- What to work on
Each line from the one with "Купить Стартовые номера" through the last line below must be written out exactly. Do not copy pictures.

- Recorded information

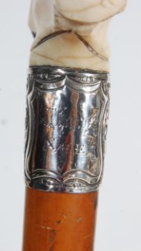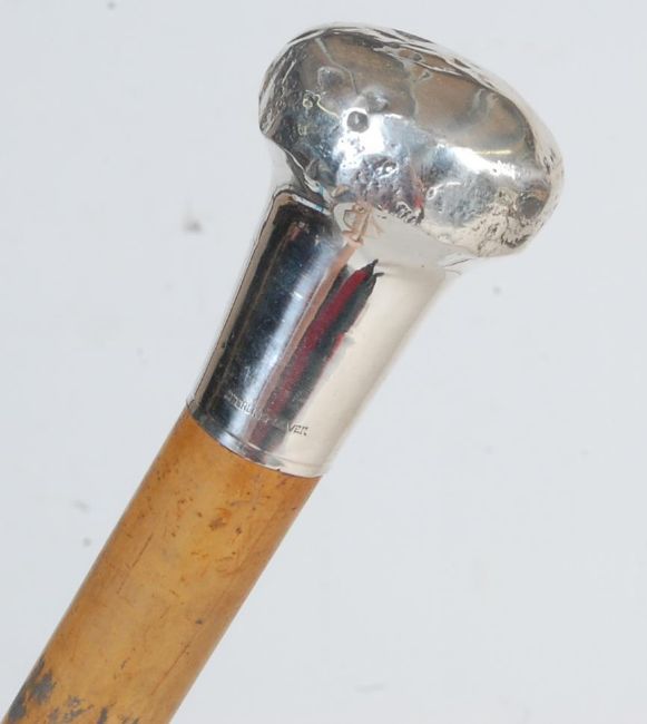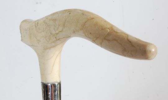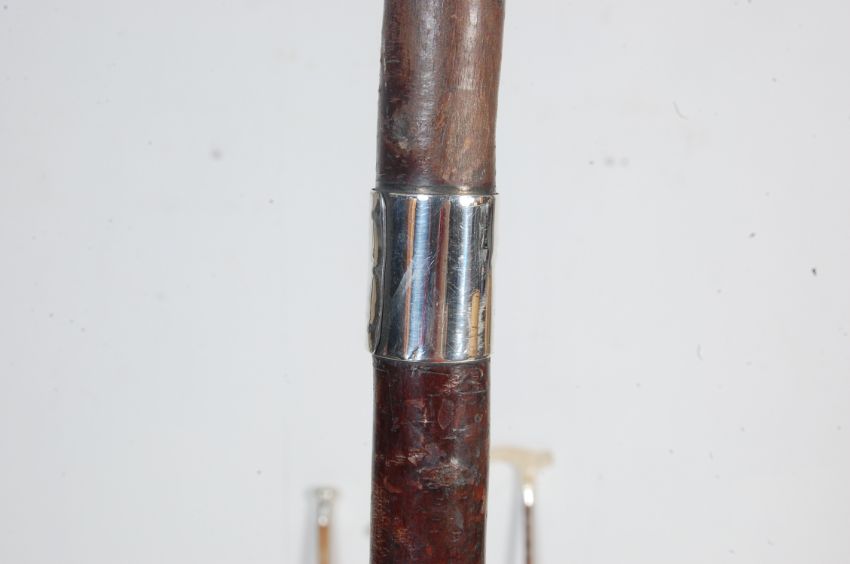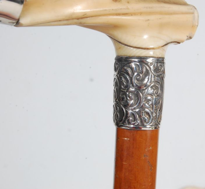 A collection of four antique Edwardian and later walking sticks comprising of a bone handled walking cane with chinese oriental scenes carved above a silver collar, a bone handled walking stick stick with silver hallmarked collar, a malacca walking stick with hallmarked silver pommel together with another walking. Largest measures 92cm.
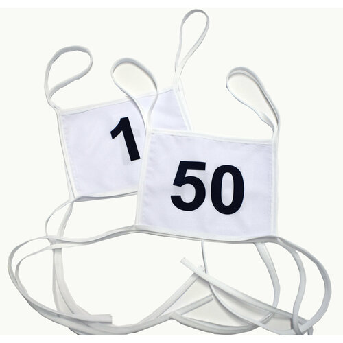 Купить Стартовые номера для соревнований, нагрудные номера с нумерацией, 50 шт. От 1 до 50. Размер 24х21 см с доставкой по всей России.
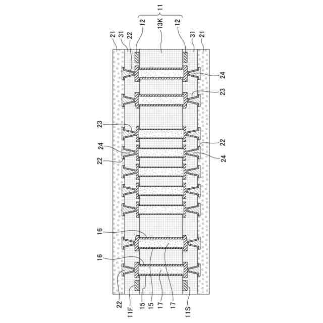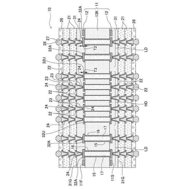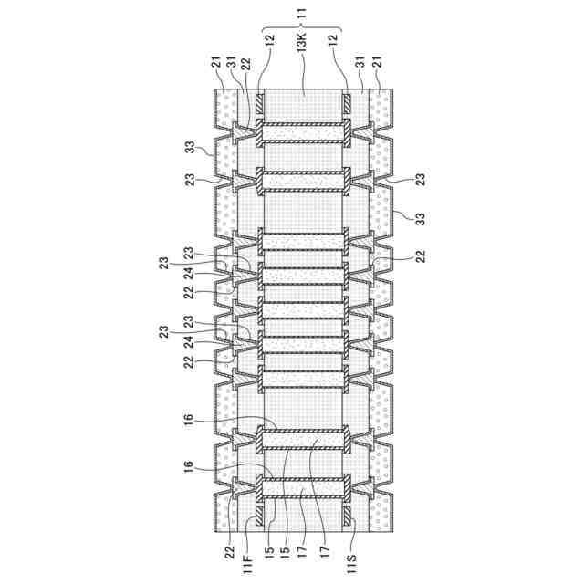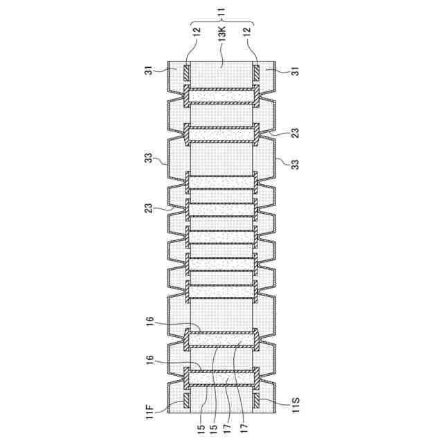 前記厚肉導体層の厚みと、前記薄肉導体層の厚みと、の差が5μm以上である。
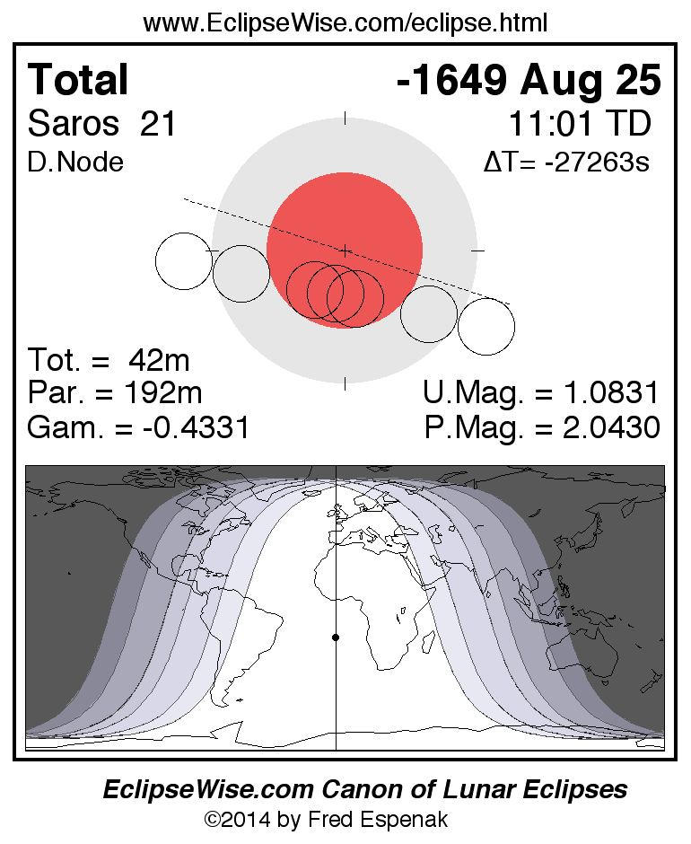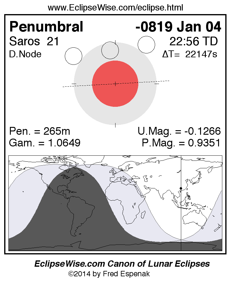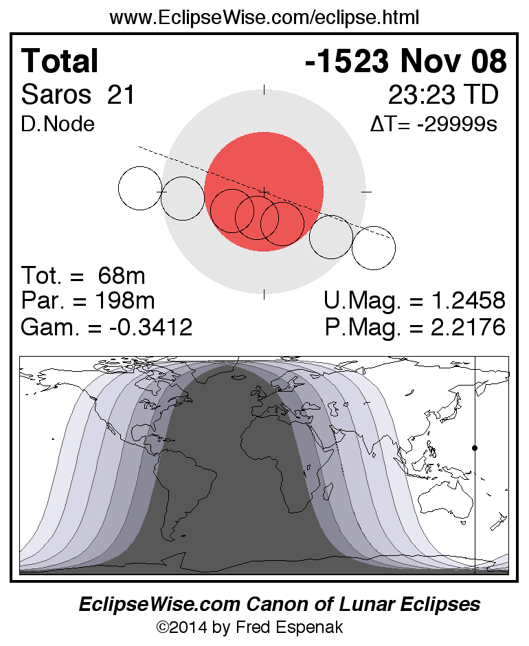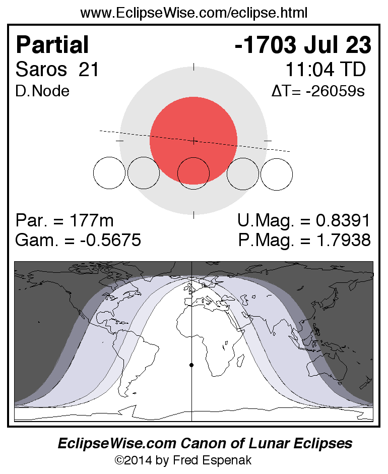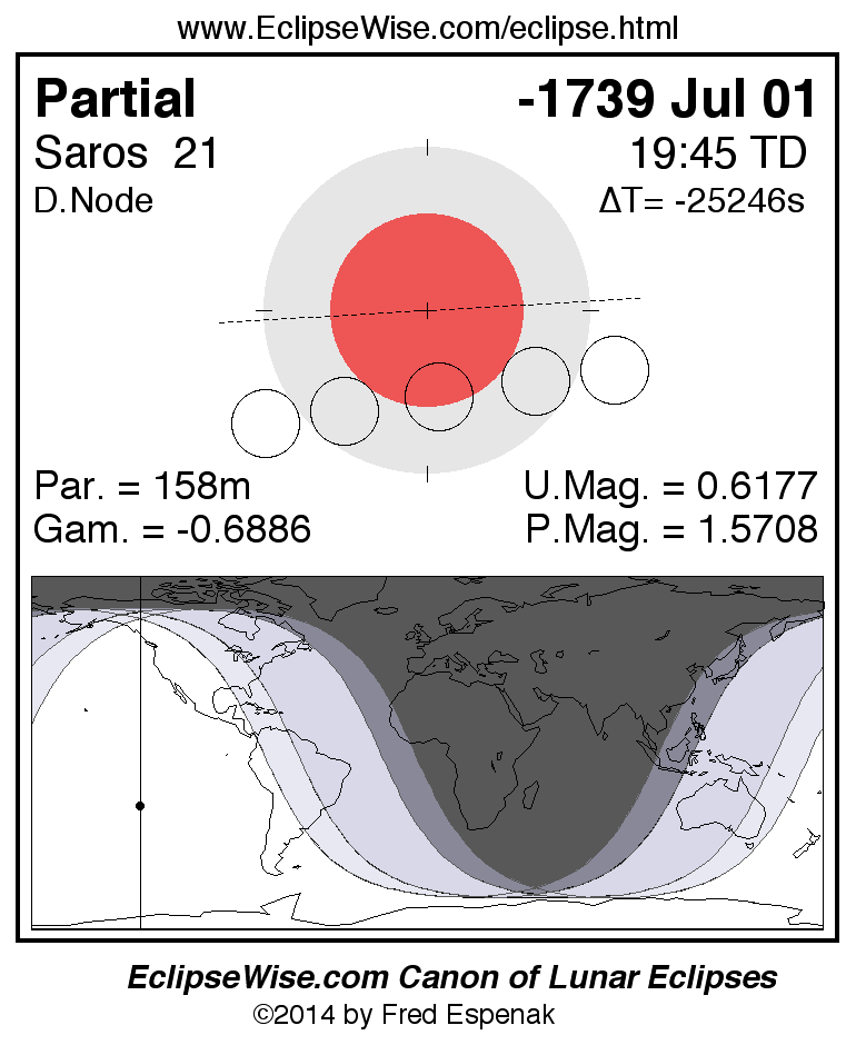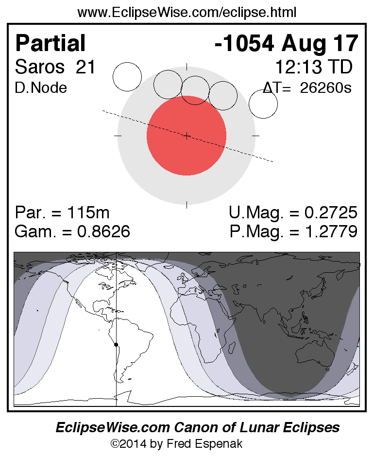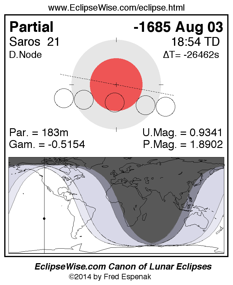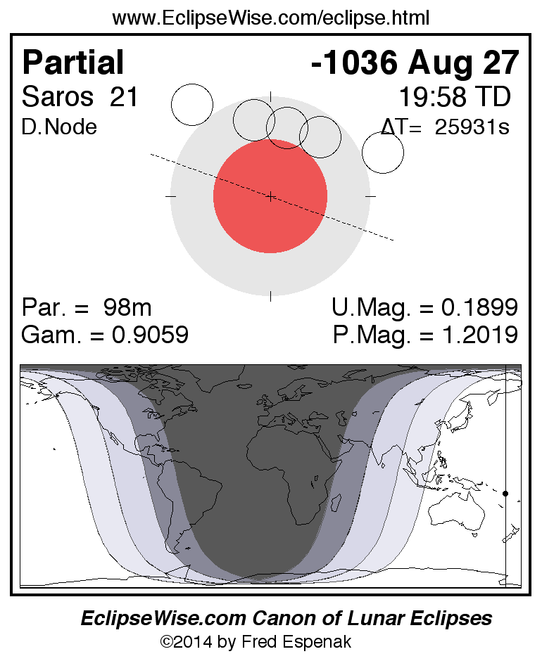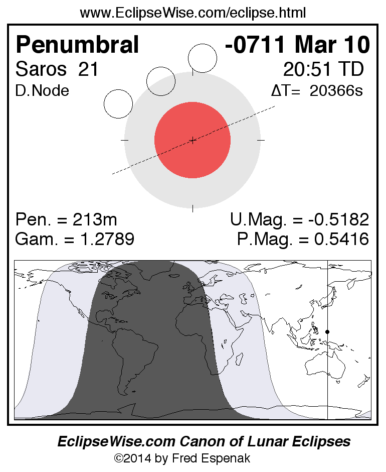A panorama of all lunar eclipses belonging to Saros 21 is presented here. Each figure shows the Moon's path with respect to Earth's penumbral and umbral shadows. Below the path is a map depicting the geographic region of visibility for the eclipse. The date and time are given for the instant of Greatest Eclipse. Every figure serves as a hyperlink to the EclipseWise Prime page for that eclipse with a larger figure and complete details for the eclipse. Visit the Key to Lunar Eclipse Figures for a detailed explanation of these diagrams. Near the bottom of this page are a series of hyperlinks for more on lunar eclipses.

- Exercise answer
 Купить Стартовые номера для соревнований, нагрудные номера с нумерацией, 50 шт. От 1 до 50. Размер 24х21 см с доставкой по всей России.
 前記厚肉導体層の厚みと、前記薄肉導体層の厚みと、の差が5μm以上である。
A panorama of all lunar eclipses belonging to Saros 21 is presented here. Each figure shows the Moon's path with respect to Earth's penumbral and umbral shadows. Below the path is a map depicting the geographic region of visibility for the eclipse. The date and time are given for the instant of Greatest Eclipse. Every figure serves as a hyperlink to the EclipseWise Prime page for that eclipse with a larger figure and complete details for the eclipse. Visit the Key to Lunar Eclipse Figures for a detailed explanation of these diagrams. Near the bottom of this page are a series of hyperlinks for more on lunar eclipses.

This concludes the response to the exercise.